* **How to complete this task**
From the entries below, transcribe exactly the lines between the line holding "Kunstvoller Gecko als" and the line holding "11. Beurrer et", inclusive; skip all other lines.

::: Data extracts :::

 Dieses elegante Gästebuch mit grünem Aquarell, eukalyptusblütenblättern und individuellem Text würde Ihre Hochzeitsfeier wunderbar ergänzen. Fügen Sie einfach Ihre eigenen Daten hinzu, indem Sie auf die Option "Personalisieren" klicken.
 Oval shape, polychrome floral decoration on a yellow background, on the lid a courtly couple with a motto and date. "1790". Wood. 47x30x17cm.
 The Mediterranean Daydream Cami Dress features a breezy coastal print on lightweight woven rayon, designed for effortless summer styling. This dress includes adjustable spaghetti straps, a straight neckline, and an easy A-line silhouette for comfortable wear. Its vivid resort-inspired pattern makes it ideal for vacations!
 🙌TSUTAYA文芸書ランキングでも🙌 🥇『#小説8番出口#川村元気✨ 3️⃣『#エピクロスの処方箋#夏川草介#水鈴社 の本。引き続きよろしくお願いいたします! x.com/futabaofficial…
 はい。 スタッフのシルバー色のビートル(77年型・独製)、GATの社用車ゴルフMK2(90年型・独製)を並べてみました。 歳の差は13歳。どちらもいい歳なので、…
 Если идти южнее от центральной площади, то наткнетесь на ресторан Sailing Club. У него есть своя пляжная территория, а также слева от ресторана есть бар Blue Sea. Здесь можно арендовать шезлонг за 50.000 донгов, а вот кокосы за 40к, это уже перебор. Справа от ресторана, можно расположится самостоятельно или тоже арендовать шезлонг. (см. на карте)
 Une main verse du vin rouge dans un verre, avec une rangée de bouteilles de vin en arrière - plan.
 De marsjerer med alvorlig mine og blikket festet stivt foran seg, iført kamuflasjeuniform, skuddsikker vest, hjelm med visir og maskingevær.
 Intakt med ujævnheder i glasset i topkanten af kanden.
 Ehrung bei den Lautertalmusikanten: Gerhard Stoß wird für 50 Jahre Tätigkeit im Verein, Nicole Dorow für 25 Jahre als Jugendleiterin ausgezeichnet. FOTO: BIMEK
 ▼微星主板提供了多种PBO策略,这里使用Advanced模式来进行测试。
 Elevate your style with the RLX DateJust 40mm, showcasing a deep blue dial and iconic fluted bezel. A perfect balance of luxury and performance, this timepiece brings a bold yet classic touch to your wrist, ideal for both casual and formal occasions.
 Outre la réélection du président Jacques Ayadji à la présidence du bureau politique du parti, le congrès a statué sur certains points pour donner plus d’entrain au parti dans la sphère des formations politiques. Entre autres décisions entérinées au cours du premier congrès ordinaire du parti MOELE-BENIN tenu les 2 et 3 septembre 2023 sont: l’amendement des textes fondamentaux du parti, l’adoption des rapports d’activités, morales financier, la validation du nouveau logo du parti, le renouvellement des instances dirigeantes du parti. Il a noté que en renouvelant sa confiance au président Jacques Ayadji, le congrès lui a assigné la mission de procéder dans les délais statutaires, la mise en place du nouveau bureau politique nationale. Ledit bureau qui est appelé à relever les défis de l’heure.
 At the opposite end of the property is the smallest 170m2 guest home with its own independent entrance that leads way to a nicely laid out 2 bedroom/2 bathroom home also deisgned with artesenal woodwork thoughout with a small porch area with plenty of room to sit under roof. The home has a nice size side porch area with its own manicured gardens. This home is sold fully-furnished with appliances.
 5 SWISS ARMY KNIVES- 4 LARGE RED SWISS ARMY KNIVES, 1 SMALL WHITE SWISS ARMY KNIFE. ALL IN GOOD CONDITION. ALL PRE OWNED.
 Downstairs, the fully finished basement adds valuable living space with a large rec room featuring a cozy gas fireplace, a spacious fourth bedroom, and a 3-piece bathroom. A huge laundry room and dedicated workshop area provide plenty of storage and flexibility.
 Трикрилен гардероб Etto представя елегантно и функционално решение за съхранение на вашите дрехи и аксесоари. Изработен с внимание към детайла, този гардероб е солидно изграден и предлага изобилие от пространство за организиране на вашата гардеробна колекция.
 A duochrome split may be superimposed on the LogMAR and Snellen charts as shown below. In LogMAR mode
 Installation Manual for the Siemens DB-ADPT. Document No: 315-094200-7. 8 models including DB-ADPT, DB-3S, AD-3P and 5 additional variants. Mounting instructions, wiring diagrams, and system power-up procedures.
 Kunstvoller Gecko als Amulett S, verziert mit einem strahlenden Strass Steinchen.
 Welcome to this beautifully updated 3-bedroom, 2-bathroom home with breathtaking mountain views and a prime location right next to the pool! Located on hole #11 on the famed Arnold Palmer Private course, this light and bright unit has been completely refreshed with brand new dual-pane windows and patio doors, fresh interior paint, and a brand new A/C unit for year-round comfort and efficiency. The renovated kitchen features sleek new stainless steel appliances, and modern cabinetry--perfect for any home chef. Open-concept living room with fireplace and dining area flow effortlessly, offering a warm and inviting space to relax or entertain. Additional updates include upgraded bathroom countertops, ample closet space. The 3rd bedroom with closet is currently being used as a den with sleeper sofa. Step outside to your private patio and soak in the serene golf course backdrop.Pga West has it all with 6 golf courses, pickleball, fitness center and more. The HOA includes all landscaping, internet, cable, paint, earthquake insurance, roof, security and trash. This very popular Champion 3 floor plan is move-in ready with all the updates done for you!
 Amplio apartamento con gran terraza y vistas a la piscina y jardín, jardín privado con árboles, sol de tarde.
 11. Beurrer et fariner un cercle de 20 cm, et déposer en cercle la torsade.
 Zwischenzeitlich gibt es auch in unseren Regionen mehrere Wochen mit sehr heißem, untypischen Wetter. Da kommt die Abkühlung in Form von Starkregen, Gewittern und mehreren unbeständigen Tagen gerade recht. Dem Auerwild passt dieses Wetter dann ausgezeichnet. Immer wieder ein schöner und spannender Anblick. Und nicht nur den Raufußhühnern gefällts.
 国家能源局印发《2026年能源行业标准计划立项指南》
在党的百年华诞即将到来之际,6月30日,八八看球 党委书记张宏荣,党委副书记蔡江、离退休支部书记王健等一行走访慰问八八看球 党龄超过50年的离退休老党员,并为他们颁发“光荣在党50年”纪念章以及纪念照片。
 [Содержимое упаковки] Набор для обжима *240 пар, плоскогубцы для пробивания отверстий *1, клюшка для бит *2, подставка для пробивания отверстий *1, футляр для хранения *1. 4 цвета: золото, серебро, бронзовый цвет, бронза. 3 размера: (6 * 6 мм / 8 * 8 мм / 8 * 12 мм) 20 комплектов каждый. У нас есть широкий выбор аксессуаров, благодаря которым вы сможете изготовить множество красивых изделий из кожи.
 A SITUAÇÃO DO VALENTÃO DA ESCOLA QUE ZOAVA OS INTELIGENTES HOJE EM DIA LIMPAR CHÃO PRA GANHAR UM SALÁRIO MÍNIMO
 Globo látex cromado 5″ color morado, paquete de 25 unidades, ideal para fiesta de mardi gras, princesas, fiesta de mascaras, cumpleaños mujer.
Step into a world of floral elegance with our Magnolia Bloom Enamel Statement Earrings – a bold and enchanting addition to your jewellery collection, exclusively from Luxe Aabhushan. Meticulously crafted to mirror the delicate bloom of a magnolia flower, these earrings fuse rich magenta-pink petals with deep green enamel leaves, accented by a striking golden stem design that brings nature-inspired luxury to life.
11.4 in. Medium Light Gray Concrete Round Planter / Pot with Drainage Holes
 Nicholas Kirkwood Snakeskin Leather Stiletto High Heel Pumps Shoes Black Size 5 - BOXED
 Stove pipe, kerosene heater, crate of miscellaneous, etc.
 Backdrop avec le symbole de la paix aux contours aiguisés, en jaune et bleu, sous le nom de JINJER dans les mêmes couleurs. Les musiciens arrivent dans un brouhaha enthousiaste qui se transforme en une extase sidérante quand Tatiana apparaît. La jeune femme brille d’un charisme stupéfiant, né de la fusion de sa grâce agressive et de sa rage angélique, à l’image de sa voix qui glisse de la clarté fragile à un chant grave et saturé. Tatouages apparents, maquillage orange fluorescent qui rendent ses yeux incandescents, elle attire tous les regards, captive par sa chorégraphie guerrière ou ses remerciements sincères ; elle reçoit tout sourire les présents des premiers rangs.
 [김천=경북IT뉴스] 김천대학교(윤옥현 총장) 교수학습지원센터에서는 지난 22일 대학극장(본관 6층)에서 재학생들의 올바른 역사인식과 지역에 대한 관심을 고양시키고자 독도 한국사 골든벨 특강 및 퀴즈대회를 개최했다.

:::

* **Finished exercise**
 Kunstvoller Gecko als Amulett S, verziert mit einem strahlenden Strass Steinchen.
 Welcome to this beautifully updated 3-bedroom, 2-bathroom home with breathtaking mountain views and a prime location right next to the pool! Located on hole #11 on the famed Arnold Palmer Private course, this light and bright unit has been completely refreshed with brand new dual-pane windows and patio doors, fresh interior paint, and a brand new A/C unit for year-round comfort and efficiency. The renovated kitchen features sleek new stainless steel appliances, and modern cabinetry--perfect for any home chef. Open-concept living room with fireplace and dining area flow effortlessly, offering a warm and inviting space to relax or entertain. Additional updates include upgraded bathroom countertops, ample closet space. The 3rd bedroom with closet is currently being used as a den with sleeper sofa. Step outside to your private patio and soak in the serene golf course backdrop.Pga West has it all with 6 golf courses, pickleball, fitness center and more. The HOA includes all landscaping, internet, cable, paint, earthquake insurance, roof, security and trash. This very popular Champion 3 floor plan is move-in ready with all the updates done for you!
 Amplio apartamento con gran terraza y vistas a la piscina y jardín, jardín privado con árboles, sol de tarde.
 11. Beurrer et fariner un cercle de 20 cm, et déposer en cercle la torsade.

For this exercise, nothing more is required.